◆ **WHAT YOU WILL DO**
After finding the line with "念のため、おきゃく電車とは何" in the data below, set down exactly each line through the one with "Greek Body Armor", inclusive, and stop there.

◆ **DATA EXCERPTS**
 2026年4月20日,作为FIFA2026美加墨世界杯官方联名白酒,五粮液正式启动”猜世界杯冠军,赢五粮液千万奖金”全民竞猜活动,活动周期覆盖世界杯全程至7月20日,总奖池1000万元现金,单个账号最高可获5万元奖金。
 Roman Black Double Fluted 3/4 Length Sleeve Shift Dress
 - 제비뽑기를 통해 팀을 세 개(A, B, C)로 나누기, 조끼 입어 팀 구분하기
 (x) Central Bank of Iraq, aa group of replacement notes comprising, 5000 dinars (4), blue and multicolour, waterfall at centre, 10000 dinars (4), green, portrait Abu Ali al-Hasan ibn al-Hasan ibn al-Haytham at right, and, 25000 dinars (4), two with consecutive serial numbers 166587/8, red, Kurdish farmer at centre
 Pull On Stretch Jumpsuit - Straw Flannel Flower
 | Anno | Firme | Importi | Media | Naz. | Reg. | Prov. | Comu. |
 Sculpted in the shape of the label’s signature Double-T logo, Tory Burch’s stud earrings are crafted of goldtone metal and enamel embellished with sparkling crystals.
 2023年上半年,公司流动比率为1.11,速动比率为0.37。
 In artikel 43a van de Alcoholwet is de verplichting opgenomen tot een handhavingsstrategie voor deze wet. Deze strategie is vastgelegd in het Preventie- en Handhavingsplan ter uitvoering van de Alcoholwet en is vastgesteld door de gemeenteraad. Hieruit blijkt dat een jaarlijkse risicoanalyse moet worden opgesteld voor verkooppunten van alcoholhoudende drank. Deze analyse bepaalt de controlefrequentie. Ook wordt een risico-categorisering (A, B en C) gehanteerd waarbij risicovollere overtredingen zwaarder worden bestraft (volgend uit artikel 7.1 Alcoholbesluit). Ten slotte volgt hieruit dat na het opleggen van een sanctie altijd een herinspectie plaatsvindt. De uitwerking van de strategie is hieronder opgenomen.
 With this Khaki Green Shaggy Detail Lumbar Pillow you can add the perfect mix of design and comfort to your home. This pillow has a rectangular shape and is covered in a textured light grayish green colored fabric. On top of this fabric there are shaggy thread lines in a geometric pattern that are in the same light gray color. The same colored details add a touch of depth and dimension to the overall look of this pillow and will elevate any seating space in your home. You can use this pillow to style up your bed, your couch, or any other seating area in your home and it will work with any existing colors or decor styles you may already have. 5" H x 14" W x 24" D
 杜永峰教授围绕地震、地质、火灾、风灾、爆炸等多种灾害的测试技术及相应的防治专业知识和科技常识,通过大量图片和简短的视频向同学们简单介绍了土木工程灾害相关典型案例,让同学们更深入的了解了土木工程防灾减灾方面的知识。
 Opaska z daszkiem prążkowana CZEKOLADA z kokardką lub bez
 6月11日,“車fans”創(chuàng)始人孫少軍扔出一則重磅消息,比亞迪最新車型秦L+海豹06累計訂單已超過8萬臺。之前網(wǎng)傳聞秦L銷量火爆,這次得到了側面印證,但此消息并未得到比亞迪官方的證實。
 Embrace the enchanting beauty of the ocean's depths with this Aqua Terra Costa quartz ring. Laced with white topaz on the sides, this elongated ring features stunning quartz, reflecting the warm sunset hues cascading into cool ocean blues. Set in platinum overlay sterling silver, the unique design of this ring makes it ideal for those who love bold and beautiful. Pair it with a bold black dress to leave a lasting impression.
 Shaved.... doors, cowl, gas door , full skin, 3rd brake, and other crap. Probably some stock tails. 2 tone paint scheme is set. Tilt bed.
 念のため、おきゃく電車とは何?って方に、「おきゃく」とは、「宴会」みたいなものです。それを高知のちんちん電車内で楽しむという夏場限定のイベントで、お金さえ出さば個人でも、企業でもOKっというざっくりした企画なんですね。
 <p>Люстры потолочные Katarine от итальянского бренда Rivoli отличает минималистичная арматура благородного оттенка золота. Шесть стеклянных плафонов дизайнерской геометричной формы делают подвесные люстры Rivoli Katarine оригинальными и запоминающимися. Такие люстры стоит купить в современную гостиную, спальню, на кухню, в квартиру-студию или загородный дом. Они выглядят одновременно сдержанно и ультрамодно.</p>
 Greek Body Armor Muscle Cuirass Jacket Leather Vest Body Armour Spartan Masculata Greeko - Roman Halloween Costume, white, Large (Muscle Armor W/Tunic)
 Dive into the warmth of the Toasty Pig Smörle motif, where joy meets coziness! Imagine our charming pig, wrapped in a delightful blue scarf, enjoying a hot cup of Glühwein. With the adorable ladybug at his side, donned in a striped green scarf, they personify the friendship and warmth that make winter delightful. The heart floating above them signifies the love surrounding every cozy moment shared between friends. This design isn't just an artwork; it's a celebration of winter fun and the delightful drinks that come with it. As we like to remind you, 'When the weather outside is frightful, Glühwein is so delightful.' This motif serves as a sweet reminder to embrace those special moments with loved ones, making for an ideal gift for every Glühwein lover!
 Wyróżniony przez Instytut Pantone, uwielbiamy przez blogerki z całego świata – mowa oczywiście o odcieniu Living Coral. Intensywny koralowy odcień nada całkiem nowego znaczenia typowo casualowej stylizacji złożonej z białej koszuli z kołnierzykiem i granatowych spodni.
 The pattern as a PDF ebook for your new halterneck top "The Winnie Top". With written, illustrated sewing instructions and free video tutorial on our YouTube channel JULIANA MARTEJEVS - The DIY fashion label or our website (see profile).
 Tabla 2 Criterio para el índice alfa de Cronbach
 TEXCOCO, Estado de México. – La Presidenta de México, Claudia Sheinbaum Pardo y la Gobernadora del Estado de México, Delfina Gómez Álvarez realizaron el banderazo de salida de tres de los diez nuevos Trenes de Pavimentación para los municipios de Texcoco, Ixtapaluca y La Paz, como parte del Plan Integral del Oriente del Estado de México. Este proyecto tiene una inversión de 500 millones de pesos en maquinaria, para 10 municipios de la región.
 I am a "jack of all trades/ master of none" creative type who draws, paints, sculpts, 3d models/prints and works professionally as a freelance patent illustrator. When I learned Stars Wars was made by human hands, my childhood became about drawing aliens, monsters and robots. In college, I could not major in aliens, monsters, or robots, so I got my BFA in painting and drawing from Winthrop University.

◆ **EXERCISE ANSWER**
 念のため、おきゃく電車とは何?って方に、「おきゃく」とは、「宴会」みたいなものです。それを高知のちんちん電車内で楽しむという夏場限定のイベントで、お金さえ出さば個人でも、企業でもOKっというざっくりした企画なんですね。
 <p>Люстры потолочные Katarine от итальянского бренда Rivoli отличает минималистичная арматура благородного оттенка золота. Шесть стеклянных плафонов дизайнерской геометричной формы делают подвесные люстры Rivoli Katarine оригинальными и запоминающимися. Такие люстры стоит купить в современную гостиную, спальню, на кухню, в квартиру-студию или загородный дом. Они выглядят одновременно сдержанно и ультрамодно.</p>
 Greek Body Armor Muscle Cuirass Jacket Leather Vest Body Armour Spartan Masculata Greeko - Roman Halloween Costume, white, Large (Muscle Armor W/Tunic)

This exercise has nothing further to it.